No habían acudido en su ayuda. Había suplicado, rogado, que la sacaran de Heathcrest, que le permitieran asistir a un colegio que estuviera más cerca de la casa. Detestaba el afectado elitismo y la tradición que ponían mala cara ante la individualidad, que ahogaban la creatividad y las expresiones personales y promovían el conformismo. Este lugar era una cárcel. Pero no, ellos habían despreciado sus súplicas. Ninguna de las hijas asistiría a un colegio local. Heathcrest edificaría su carácter, promovería los vínculos que le servirían el resto de su vida, aliadas en quienes ella podría confiar.
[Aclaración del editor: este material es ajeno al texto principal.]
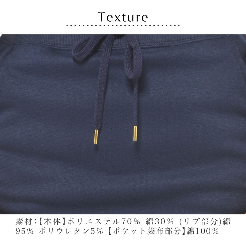 | 素材 | (本体)ポリエステル70% 綿30% (リブ部分)綿95% ポリウレタン5% (ポケット袋布部分)綿100% |
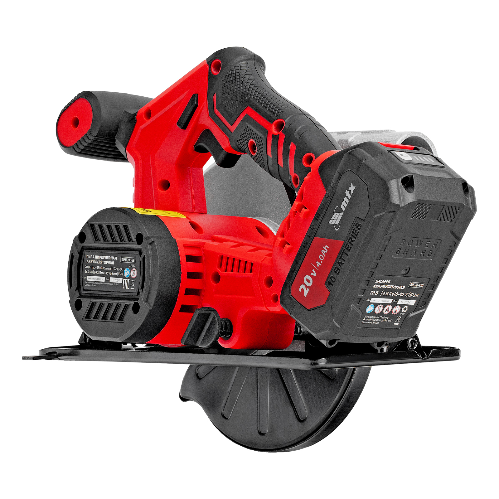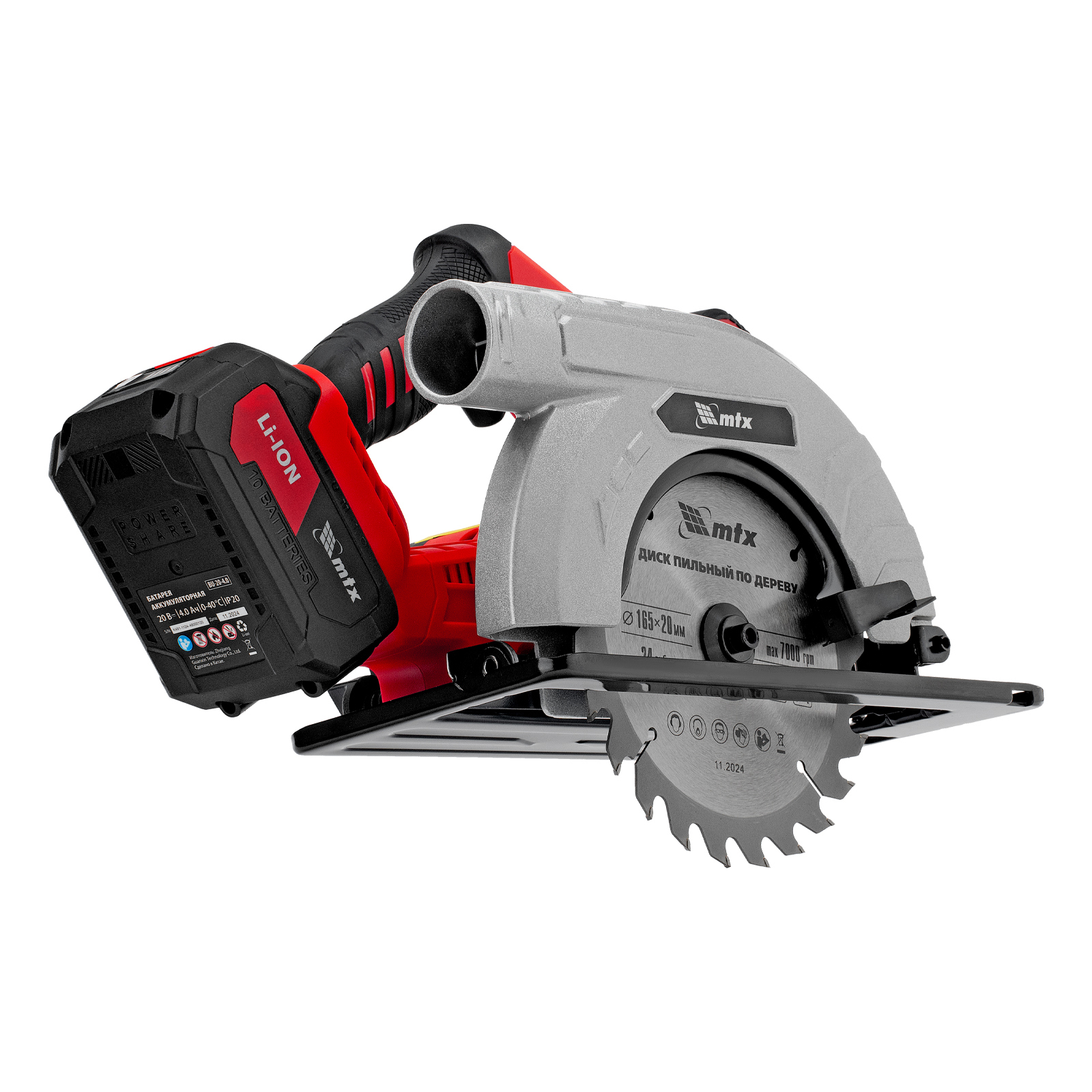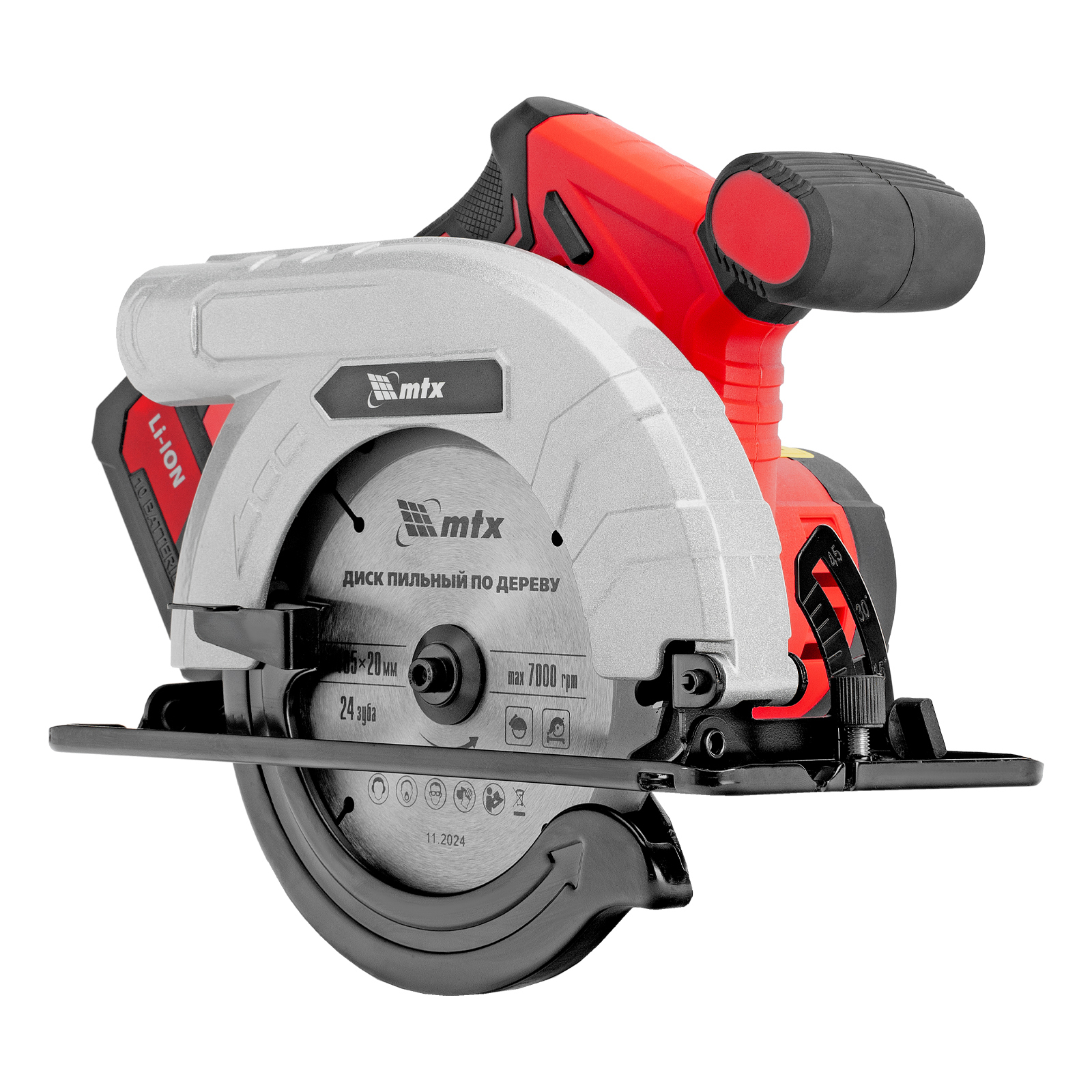 Аккумуляторная циркулярная пила MTX CCSU-20-165 27480 работает от аккумулятора Li-Ion 20 В и совместима с пильными дисками диаметром 165 мм. Предназначена для выполнения продольных и поперечных резов в древесине. При использовании специальной оснастки возможен распил заготовок из алюминия. Двигатель поддерживает частоту вращения шпинделя 4500 об/мин, что обеспечивает высокую производительность. Глубина пропила регулируется в зависимости от толщины обрабатываемой детали и достигает 55 мм под углом 90° и 36 мм под углом 45°. Аккумулятор Li-Ion емкостью 4 А·ч обеспечивает стабильную работу в течение длительного времени.

Pero ella no quería conexiones ni aliadas. Quería amigas. Amigas normales.

Que sus padres acudieran a ayudar a Saffie era una injusticia, y había calado hondo en su alma. Ellos siempre encontraban nuevos modos de hacerla sentir inferior y, a menudo, ni siquiera se enteraban.

Bueno, ya no más, pensó con determinación. Esa noche los llamaría por teléfono y se aseguraría de que la escucharan. Y tenía el arma precisa para usar a su favor. El conocimiento es poder.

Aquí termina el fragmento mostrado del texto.